Starting at the line that contains "DC Comics Justice" and stopping after the line that contains "青醬的香氣濃厚我個人覺得表現的很不錯,麵條有彈性也令人喜歡!", transcribe the listing below exactly; do not include any pictures.

§ **Data extracts**:
>>

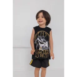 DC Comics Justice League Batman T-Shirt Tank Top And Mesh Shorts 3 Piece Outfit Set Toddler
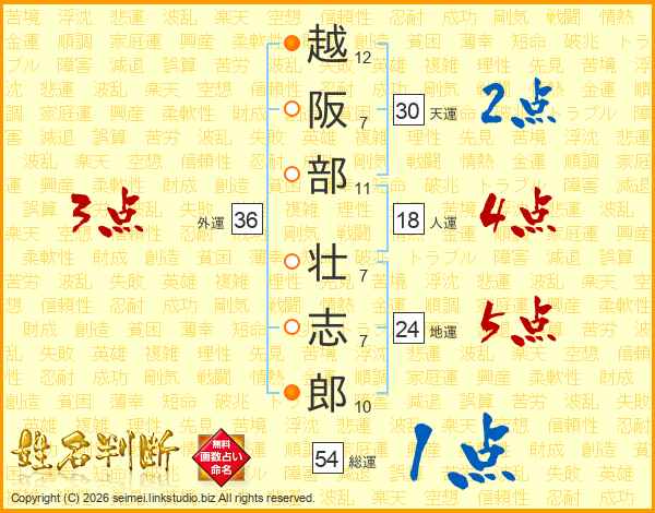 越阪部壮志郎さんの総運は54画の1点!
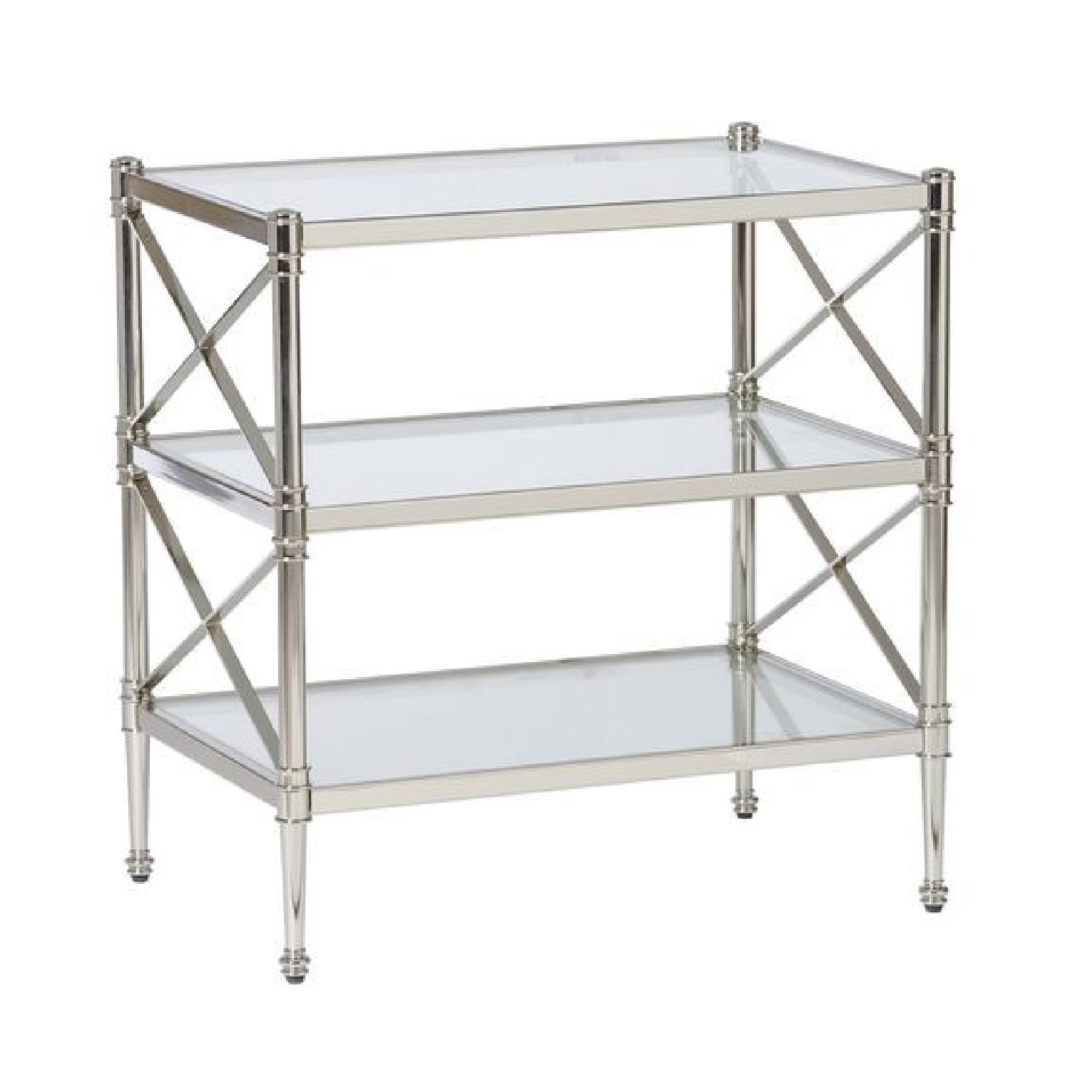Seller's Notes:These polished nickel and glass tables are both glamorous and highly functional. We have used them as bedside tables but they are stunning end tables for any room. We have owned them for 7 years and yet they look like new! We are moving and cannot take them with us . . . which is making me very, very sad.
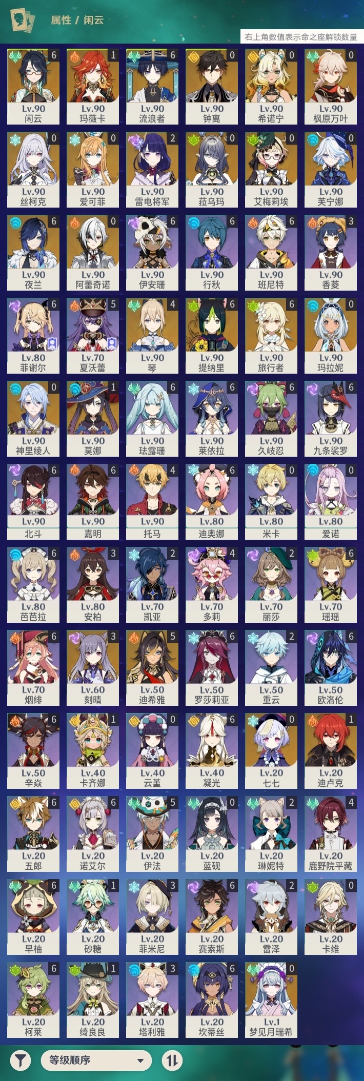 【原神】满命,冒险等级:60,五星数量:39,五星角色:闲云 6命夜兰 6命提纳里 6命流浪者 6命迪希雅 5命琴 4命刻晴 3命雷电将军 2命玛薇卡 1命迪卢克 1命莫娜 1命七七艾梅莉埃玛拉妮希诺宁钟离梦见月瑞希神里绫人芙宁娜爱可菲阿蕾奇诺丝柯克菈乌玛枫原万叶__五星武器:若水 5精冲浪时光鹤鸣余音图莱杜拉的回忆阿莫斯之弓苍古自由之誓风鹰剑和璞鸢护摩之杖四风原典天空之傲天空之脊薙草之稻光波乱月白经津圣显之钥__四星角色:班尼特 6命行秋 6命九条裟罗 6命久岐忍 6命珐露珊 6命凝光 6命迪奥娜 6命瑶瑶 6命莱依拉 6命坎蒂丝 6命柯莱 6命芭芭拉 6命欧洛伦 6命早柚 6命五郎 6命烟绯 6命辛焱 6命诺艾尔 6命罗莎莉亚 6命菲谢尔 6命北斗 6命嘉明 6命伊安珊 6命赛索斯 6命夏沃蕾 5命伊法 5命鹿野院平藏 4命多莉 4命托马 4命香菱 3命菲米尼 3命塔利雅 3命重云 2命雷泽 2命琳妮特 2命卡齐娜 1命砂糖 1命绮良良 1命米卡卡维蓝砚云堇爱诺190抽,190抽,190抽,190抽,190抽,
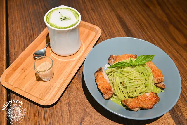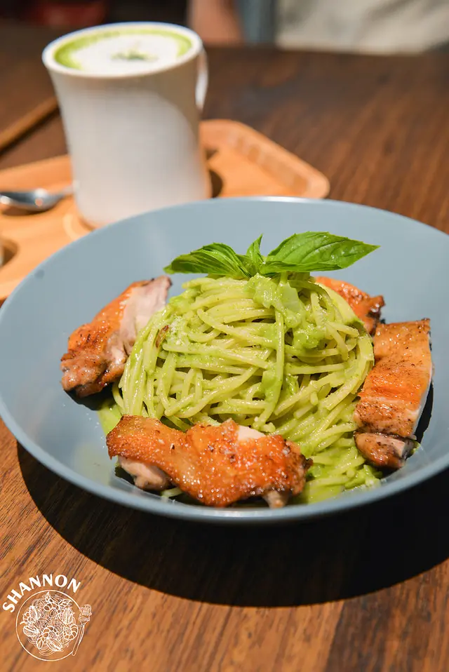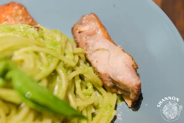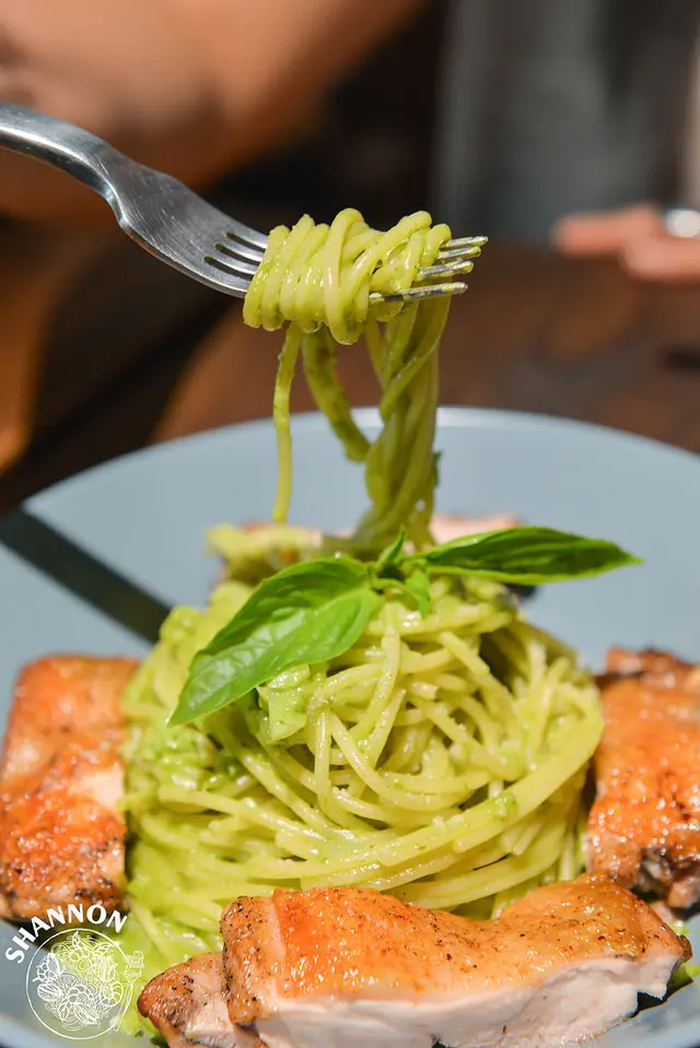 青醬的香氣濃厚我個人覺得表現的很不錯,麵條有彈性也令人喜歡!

<<
>>

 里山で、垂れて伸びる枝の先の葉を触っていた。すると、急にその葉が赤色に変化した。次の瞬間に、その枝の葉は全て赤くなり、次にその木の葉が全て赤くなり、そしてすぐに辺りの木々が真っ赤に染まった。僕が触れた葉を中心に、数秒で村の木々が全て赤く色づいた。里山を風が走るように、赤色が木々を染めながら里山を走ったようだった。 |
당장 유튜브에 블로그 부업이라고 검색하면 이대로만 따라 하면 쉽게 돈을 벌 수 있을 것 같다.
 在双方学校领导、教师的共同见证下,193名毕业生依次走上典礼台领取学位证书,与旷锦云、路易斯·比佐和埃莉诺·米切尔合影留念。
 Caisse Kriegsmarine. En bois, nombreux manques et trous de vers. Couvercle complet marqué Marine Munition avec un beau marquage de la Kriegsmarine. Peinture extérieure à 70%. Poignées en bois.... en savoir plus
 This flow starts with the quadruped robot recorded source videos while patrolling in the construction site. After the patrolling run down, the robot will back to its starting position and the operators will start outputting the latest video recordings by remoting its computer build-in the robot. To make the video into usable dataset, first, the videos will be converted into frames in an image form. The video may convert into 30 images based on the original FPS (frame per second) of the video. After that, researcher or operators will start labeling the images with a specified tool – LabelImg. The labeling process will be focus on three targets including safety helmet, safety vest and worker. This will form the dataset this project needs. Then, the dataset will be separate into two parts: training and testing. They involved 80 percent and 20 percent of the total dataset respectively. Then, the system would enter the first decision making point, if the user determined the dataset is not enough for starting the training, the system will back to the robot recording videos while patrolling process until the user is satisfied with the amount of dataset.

<<
>>

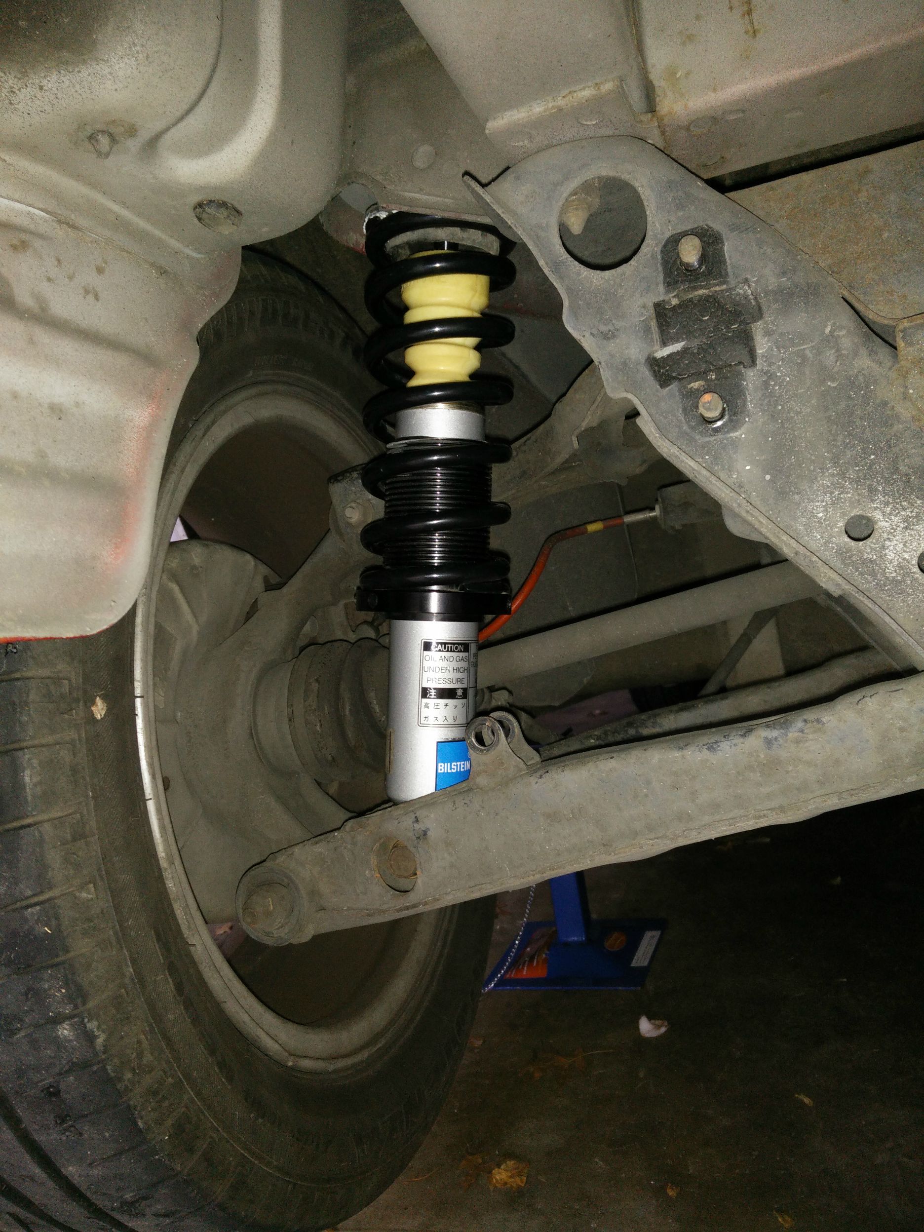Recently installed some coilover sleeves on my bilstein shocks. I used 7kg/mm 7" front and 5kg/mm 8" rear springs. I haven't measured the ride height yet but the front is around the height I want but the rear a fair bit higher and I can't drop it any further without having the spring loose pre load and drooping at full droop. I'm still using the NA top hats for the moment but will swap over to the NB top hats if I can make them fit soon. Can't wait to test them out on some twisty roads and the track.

<<

§ **Written solution**:
 DC Comics Justice League Batman T-Shirt Tank Top And Mesh Shorts 3 Piece Outfit Set Toddler
 越阪部壮志郎さんの総運は54画の1点!
Seller's Notes:These polished nickel and glass tables are both glamorous and highly functional. We have used them as bedside tables but they are stunning end tables for any room. We have owned them for 7 years and yet they look like new! We are moving and cannot take them with us . . . which is making me very, very sad.
 【原神】满命,冒险等级:60,五星数量:39,五星角色:闲云 6命夜兰 6命提纳里 6命流浪者 6命迪希雅 5命琴 4命刻晴 3命雷电将军 2命玛薇卡 1命迪卢克 1命莫娜 1命七七艾梅莉埃玛拉妮希诺宁钟离梦见月瑞希神里绫人芙宁娜爱可菲阿蕾奇诺丝柯克菈乌玛枫原万叶__五星武器:若水 5精冲浪时光鹤鸣余音图莱杜拉的回忆阿莫斯之弓苍古自由之誓风鹰剑和璞鸢护摩之杖四风原典天空之傲天空之脊薙草之稻光波乱月白经津圣显之钥__四星角色:班尼特 6命行秋 6命九条裟罗 6命久岐忍 6命珐露珊 6命凝光 6命迪奥娜 6命瑶瑶 6命莱依拉 6命坎蒂丝 6命柯莱 6命芭芭拉 6命欧洛伦 6命早柚 6命五郎 6命烟绯 6命辛焱 6命诺艾尔 6命罗莎莉亚 6命菲谢尔 6命北斗 6命嘉明 6命伊安珊 6命赛索斯 6命夏沃蕾 5命伊法 5命鹿野院平藏 4命多莉 4命托马 4命香菱 3命菲米尼 3命塔利雅 3命重云 2命雷泽 2命琳妮特 2命卡齐娜 1命砂糖 1命绮良良 1命米卡卡维蓝砚云堇爱诺190抽,190抽,190抽,190抽,190抽,
 青醬的香氣濃厚我個人覺得表現的很不錯,麵條有彈性也令人喜歡!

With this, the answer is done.